コンサルタントの本音

目指す組織状態を明確にする

2018年3月

前回「進化と退化」で、『変化に先んじ対応しないことは退化である、進化には自らのアイデンティティを基盤に周りのものを変えて行くことだ』と説いた。組織変革でも、自らの存在意義を明確にすることは重要であるが、もう一つ大事なことは、どういう組織のあり方を目指すのか、ということである。

品質学ではクロスビーが組織の成熟度を示し、成熟度が高いほど品質が良く、業績にも良い影響を与えるとした。それをベースにマルコム・ボルドリッジ国家品質賞(※1)では、組織の成熟度を評価し、高い成熟度の組織は顧客満足、社員満足、地域貢献、業績のすべてのパフォーマンスが高いとし、大統領賞を授与した。最近では「ティール組織」(※2)という書籍で組織の発展段階を紹介している。

これらの考え方はすべて、組織の状態には発展段階があることを示している。例えば、クロスビーの成熟度は5段階。マルコム・ボルドリッジ賞は10段階、ティール組織では7段階である。つまり、組織を変革するとは、今はどういう組織状態で、それをどういう組織状態にするのかということである。それに合わせて変革の方法を適用することが必要である。

組織の発展段階を規定するものは、人々の意識や思考、リーダーの意識やリーダーシップのあり方、情報や意思決定の流れ方、コミュニケーションの方法、業務プロセスのあり方、行動の振り返りとその活かし方、誰が何をどう評価するのか、行動習慣などである。これらは相互に関係があり、それらの関係性の中で組織状態の段階が決まってくる。いわば組織のOSのようなものだ。
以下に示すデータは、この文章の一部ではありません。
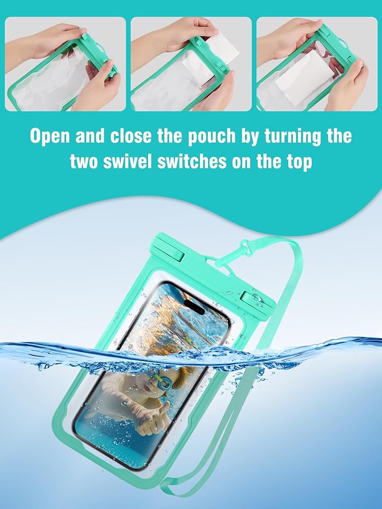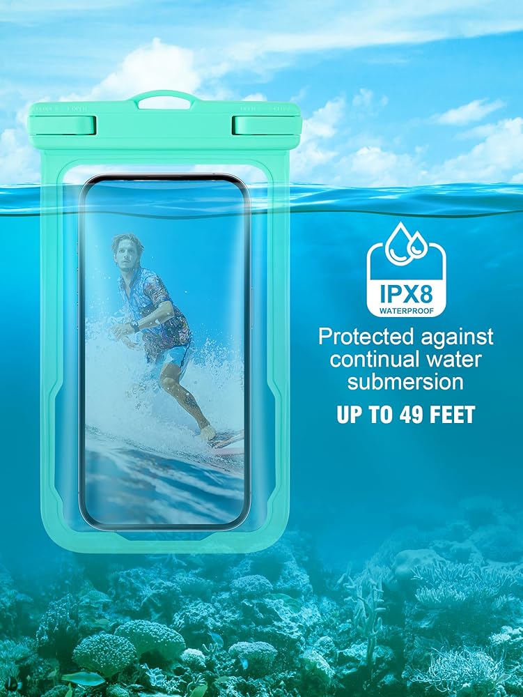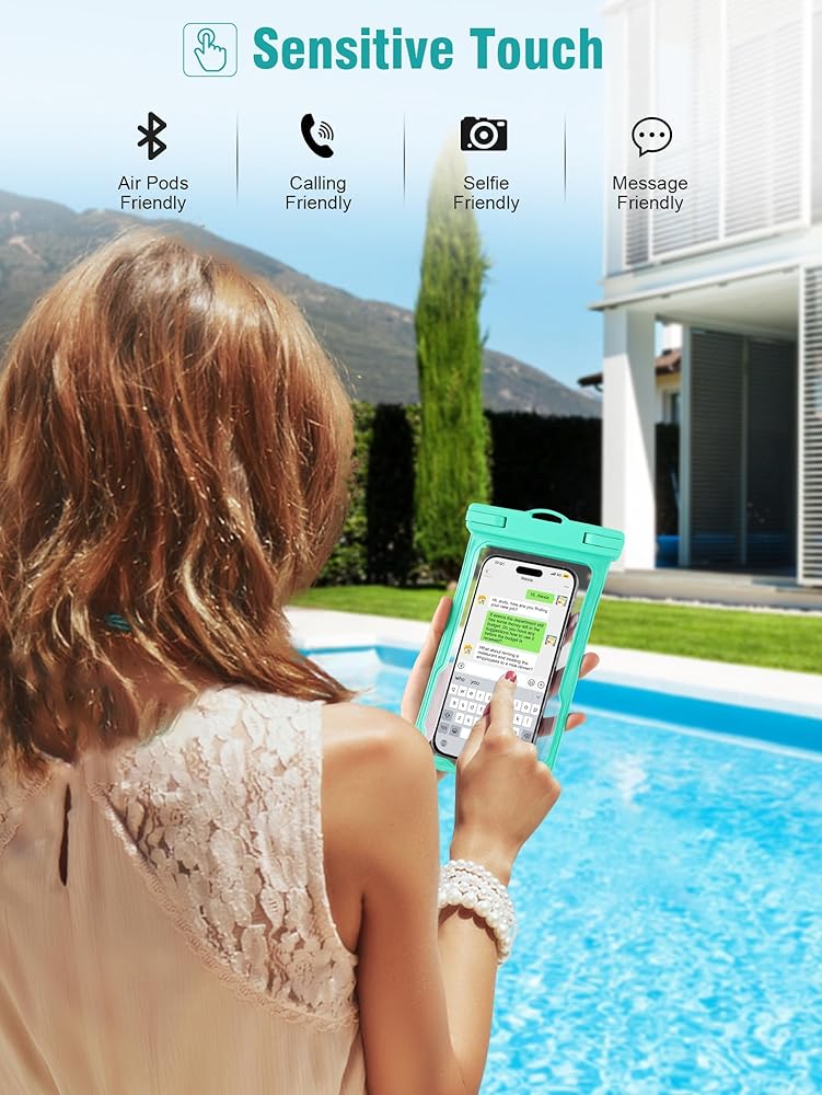 شاشة لمس سريعة الاستجابة - مع تصميم فريد على كلا الجانبين، تسمح حقيبة الهاتف الخلوي المقاومة للماء بلمسة سلسة للأزرار والشاشة سواء كنت على الأرض أو في الماء. يمكنك التنقل بسهولة عبر التطبيقات والرد على المكالمات وإرسال الرسائل دون أي عوائق
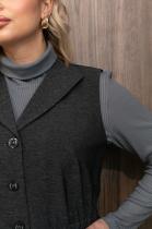 Стильный сарафан приталенного силуэта. Застежка на петли и пуговицы. Модель с отложными лацканами, без воротника. По линии талии кулиска присборена на эластичную резинку с поясом. По переду накладные карманы. Низ ровный, без разрезов.
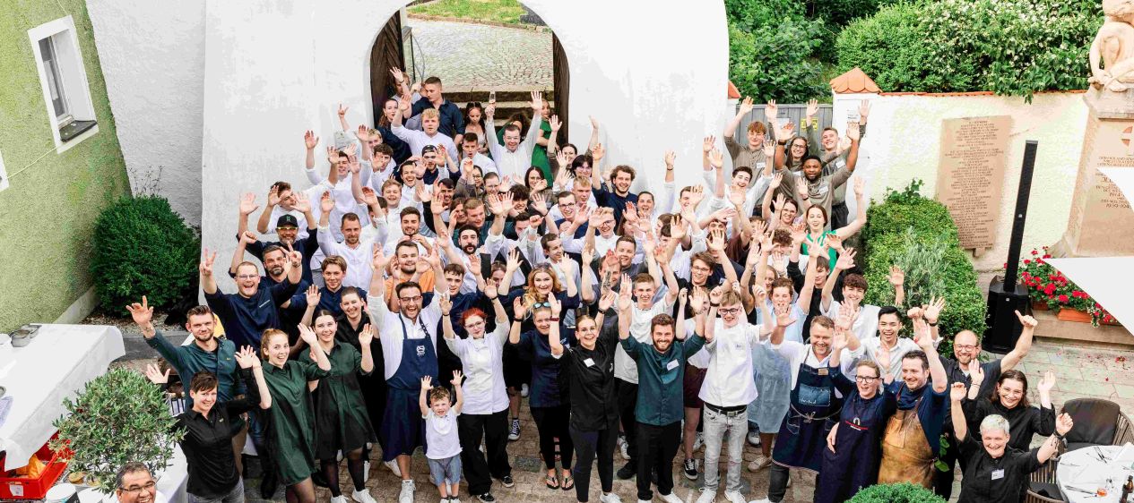 Die Jeunes Restaurateurs Deutschland (JRE) setzen sich gezielt für die Förderung des Nachwuchses in der Gastronomie ein. Neben der JRE Genussakademie und dem azubi:web dient auch der jährliche Azubitag dazu, die Auszubildenden der Restaurants der JRE-Deutschland zu fördern und untereinander zu vernetzen. Dieses Mal fand der besondere JRE Moment am 26. Juni bei Spitzenkoch Christian Fleischmann im Landhotel „Weißes Roß“ in Illschwang statt. Insgesamt 79 Auszubildende nahmen teil.
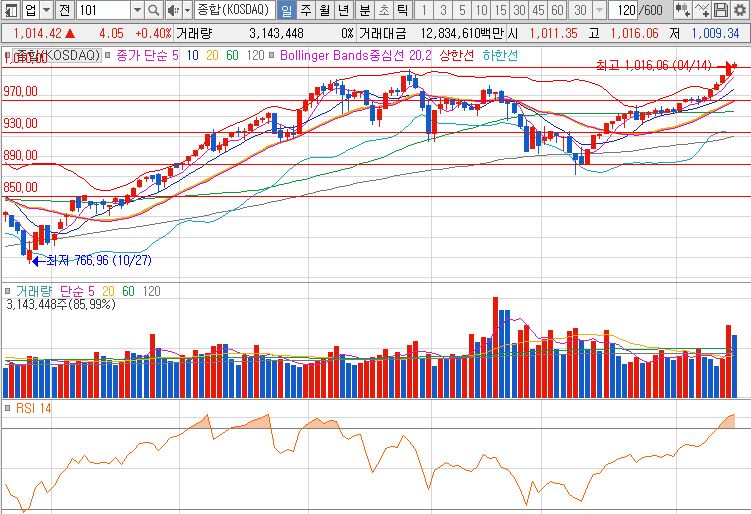 금일 코스닥 지수는 전 거래일 대비 4.05p 상승한 1,014.42(0.40%) 마감 하였습니다. 코스닥 역시 상승세를 유지한 모습이죠. 하지만 볼밴 상단에 캔들이 위치한 상태이다보니 큰 폭으로 상승하진 않았지만 볼밴 상단을 지지하면서 움직이는 상태 입니다. 30분봉 흐름을 보면 종가 기준으로 5, 10선을 살짝 이탈한 상태에서 마감을 했는데 내일 20선 지지 및 반등이 나오는지 체크 후 접근 하시는 것이 좋겠습니다. 수급은 코스피와 비슷한 수급이 들어온 모습 입니다.
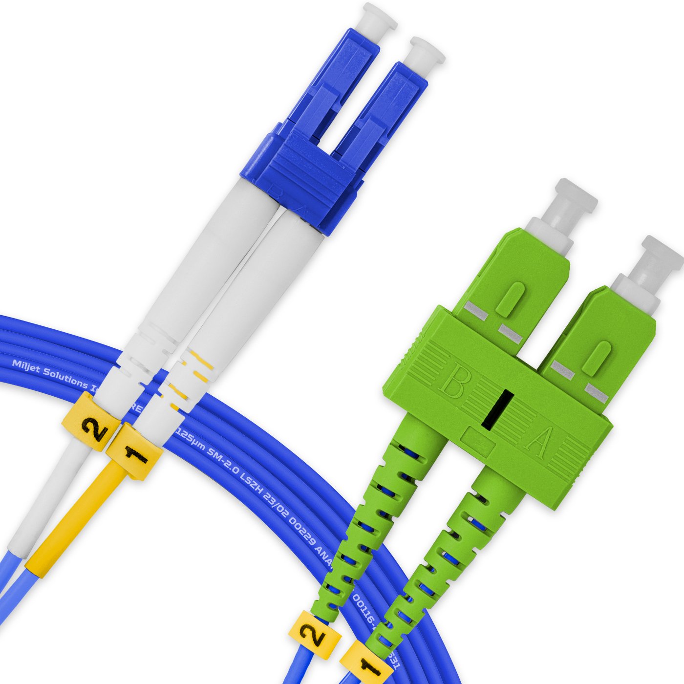 Cordão Óptico 5m, LC/UPC-SC/APC, SM BLI G657-A1 9/125, OS2 Duplex 2.0mm LSZH ABNT Azul, Fibra Monomodo Miljet

どのようなモデルを活用するとしても重要なのは、今の組織状態と目指すべき組織状態を明らかにし、目指すべき組織状態に一歩近づくにはどのような組織状態を目標にするのかを明確にし、施策を打っていくことだ。そしてその状態をたえず振り返り、レベルをあげていく。指示型リーダーシップを発揮している組織が自立型の組織には一足とびには向かわない。例えば、人の成長も重視するリーダーシップを経て、指示と権限移譲のバランスを取る組織に成長してから、自ら考え行動する組織に向かうといった段階を踏んで組織を変革していく。その際にはサーバントリーダーシップ(※3)的な要素が強まるだろう。

研修や育成においても、このように組織変革の階段を登るプロセスを意識しながら、マネージャーやリーダーの育成とその研修のプログラムを考え実践しないと変革に貢献できない。特にリーダーの意識や組織における慣習を変える部分が重要になってくる。目指す組織状態に一歩近づくためのリーダーシップ、リーダーの意識のあり方とは何か、それを無視した変革はありえない。そして、それは段階に応じたものになっているのである。

※1マルコム・ボルドリッジ国家品質賞:1980年代にアメリカ企業の復活をかけて国で作られた表彰制度。経営トップの考える視点を基準に、それに沿った経営をドキュメント化し、審査員に評価され、優れた組織は大統領から表彰される。審査員からのフィードバックレポートはコンサルティングより価値があると定評。日本では日本経営品質賞として運営されている。

※2「ティール組織」フレデリック・ラルー著 英治出版

※3サーバントリーダーシップ:支援しながら人を導くリーダーシップのこと。支配統制型のリーダーシップの対比として使われる。

最後までお読みいただき、ありがとうございました。